First of all we want to note that this post is for a select group of people who have DBAs on staff. If you don’t, feel free to talk to Frakture about our data warehousing services.
I want to move my database to the cloud, what are some things I should consider?
Congratulations, moving your database to the cloud is a great plan! Database maintenance will be taken care of by experienced teams, your data will be backed up (in real time), you’ll be able to access the database from anywhere, the infrastructure is highly scalable and flexible, and you’ll most likely save money because you only pay for the amount of storage you use.
1. Do you want the database to be managed or do you want to install and configure it yourself?

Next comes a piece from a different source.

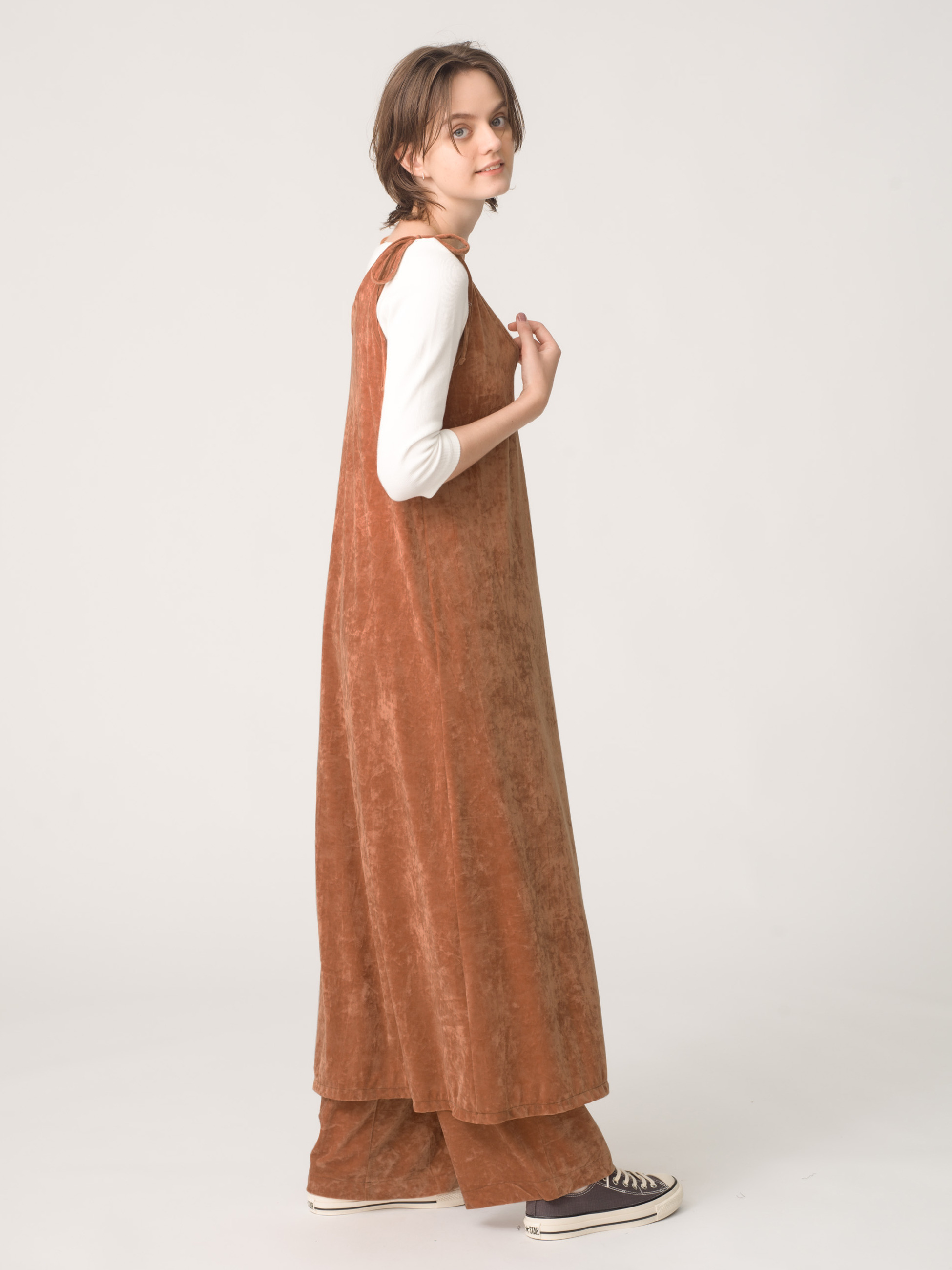 - 通常のベロアよりもカジュアルで、独特の風合いが特徴のクラッシュベロアを使用したキャミソールワンピースです。プリントのロングスリーブTシャツ+デニムなど、ルーズにレイヤードしていただくのもおすすめです。寒い時期はロングスカートとして、ワンピースの上からざっくりトップスを被せて着用したりなど、さまざまなスタイリングをお楽しみいただけ、華やかさをプラスする1着です。同素材のイージーパンツもございます。

One of the main benefits of moving to the cloud is to have your database maintenance (patches, restarts, security updates, backups and restores, etc) managed by someone else. However, there are still some options to launch an unmanaged database in the cloud — for example setting up an Oracle database on an Amazon EC2 machine. This may be useful in some licensing scenarios, or very custom workloads, but we’ve found the “managed” services to be the most valuable, and will mostly be discussing them.
At Frakture we use Amazon’s hosted, managed service known as Relational Database Service (RDS), which allows hosting of MySQL, PostgreSQL, SQLServer, Oracle, etc, in a managed environment.
2. Which SQL engine do you want to use?
For decades, virtual wars have been fought over the “best” database engine to use. The best we can offer is to group them in similar decision areas:
- Open Source – MySQL and PostgreSQL are mature, highly scalable SQL databases that long ago met or exceeded the performance of their for-profit brethren.
- “Standard” databases — SQLServer, Oracle, DB2, and a few other databases are available in different cloud hosting formats — however buyer beware, many of them have limited feature sets. Testing for short contract cycles is the rule here — cloud performance can vary dramatically from older infrastructures in unexpected ways.
- “Optimized”, hosted Databases – Some large enterprises have taken the developer interface, or even the whole set of source code of some existing databases, and souped them up for their own infrastructure. Google Big Query, Microsoft Azure Cloud SQL, and Amazon Aurora and Redshift are examples of SQL databases designed for high performance in their respective infrastructure. Each of these engines has their own pro/con matrix. For example, Amazon Redshift is a column store (vs row store) database with a PostgreSQL front end and is great for aggregate reporting across billions of records of data. Big Query is a heavily sharded database spread across Google’s massive computer farms. Aurora is fantastic for more traditional, high volume, row-based relational data.
3. What company do you choose to host?
Frakture uses Amazon Web Services (AWS) for hosting, with Aurora and SQLServer, so that’s what we’re most familiar with and will talk about here. There are a number of other competitive options, including Microsoft Azure and Google Big Query — the space has become quite mature with the large tech companies.
Overall, the cost of data storage these days is very reasonable. Amazon, Microsoft, and Google data warehousing options are similar in both function and price. At this point the open-source and/or cheaper variants (MySQL, PostgreSQL, BigQuery) meet and often exceed the performance of older platforms such as Oracle.
4. Are you going to be using a business intelligence or reporting tool?
- If you’re going to use a BI or reporting tool, do some research on what you want to use before your finalize your database back end.
- The most common data visualization tools we see nonprofits use are Tableau, PowerBI and Google Data Studio. Based on our experience we’ve discovered:
- Google Data Studio doesn’t work well with Microsoft Azure
- PowerBI doesn’t work well with Amazon
- So, run some tests before you commit!
5. Now that you’ve selected what database you’re going to use, you need to identify the data connections to transfer to the new warehouse.
- Make a list of all the data sources connected to the database. If the database has been around for awhile, it is often helpful to put a tracker on the database for about a week so you have a good idea of all the data feeding into the warehouse.
- Now you’re ready to transfer your data. You can move your data all at once or table by table.
- Then, once all the data is moved over, run both databases in parallel for at least one week to be sure they match each other.